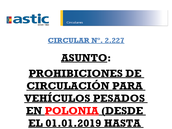 2227 Polonia. Restricciones circulación 2019
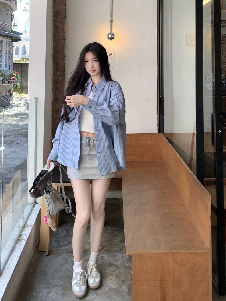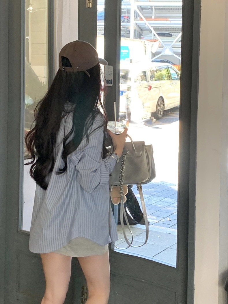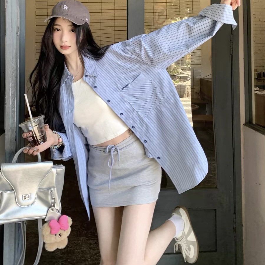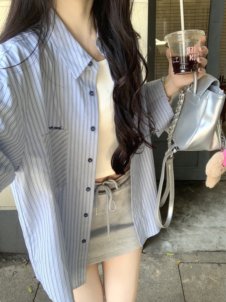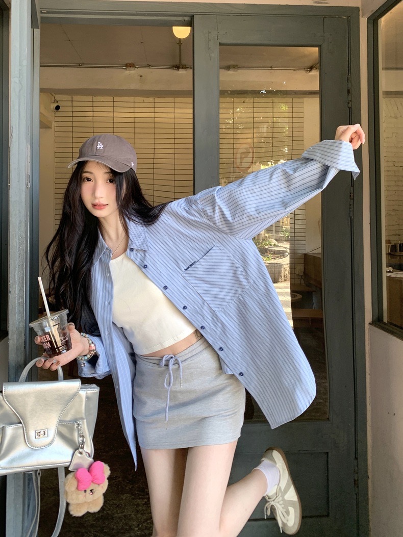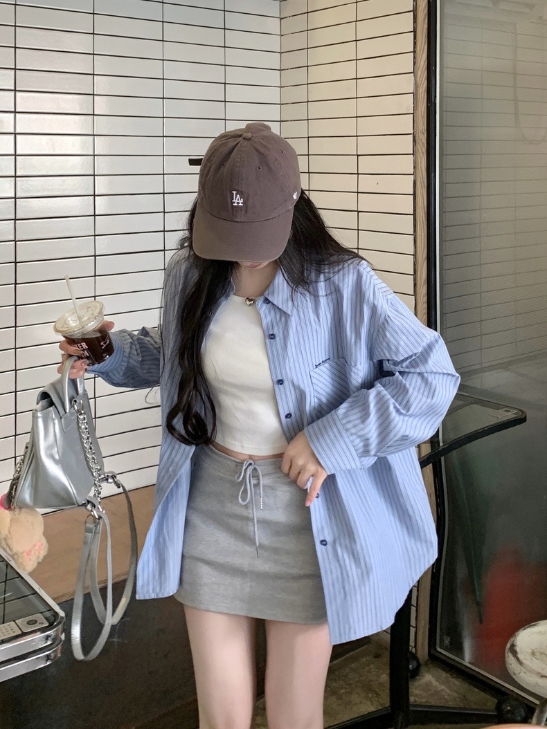 블루 스트라이프 셔츠 여성의 봄과 가을 새로운 디자인 센스 틈새 자수 캐주얼 긴팔 셔츠 느슨한 슬리밍 탑스토어 가기
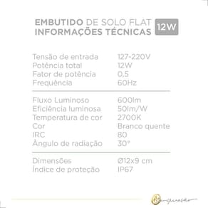 Tensão de entrada: 127-220V Potência total: 12W Fator de potência: 0,5 Frequência: 60Hz Fluxo luminoso: 600lm Eficiência luminosa: 50lm/W Temperatura de cor: 2700K Cor: Branco Quente IRC: 80 Ngulo de radiação: 30 Dimensões: 12x9 cm Índice de proteção: IP67 Marca: Não Informado
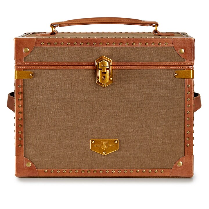 Ida é uma caixa de joias estilo mala com exterior em lona reciclada em tons suaves luxuosos e acabamentos em couro de alta qualidade e puxadores nas gavetas. A combinação perfeita entre elegância e funcionalidade.
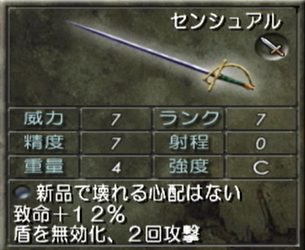 いちおうデメリットとして、2回攻撃の剣なのに強度がCと微妙に脆いので使いすぎるとすぐに壊れるので使い過ぎには要注意。
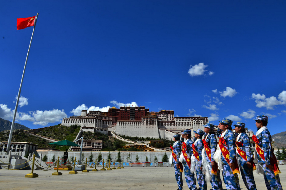 9月12日,即将出藏的首批海军藏族大学生女兵在布达拉宫广场向国旗行军礼。新华社发(张震 摄)

□ □ □

Include the first line of the records, the line containing "블루 스트라이프 셔츠", and every line between them, repeated exactly. Skip the pictures.

 2227 Polonia. Restricciones circulación 2019
 블루 스트라이프 셔츠 여성의 봄과 가을 새로운 디자인 센스 틈새 자수 캐주얼 긴팔 셔츠 느슨한 슬리밍 탑스토어 가기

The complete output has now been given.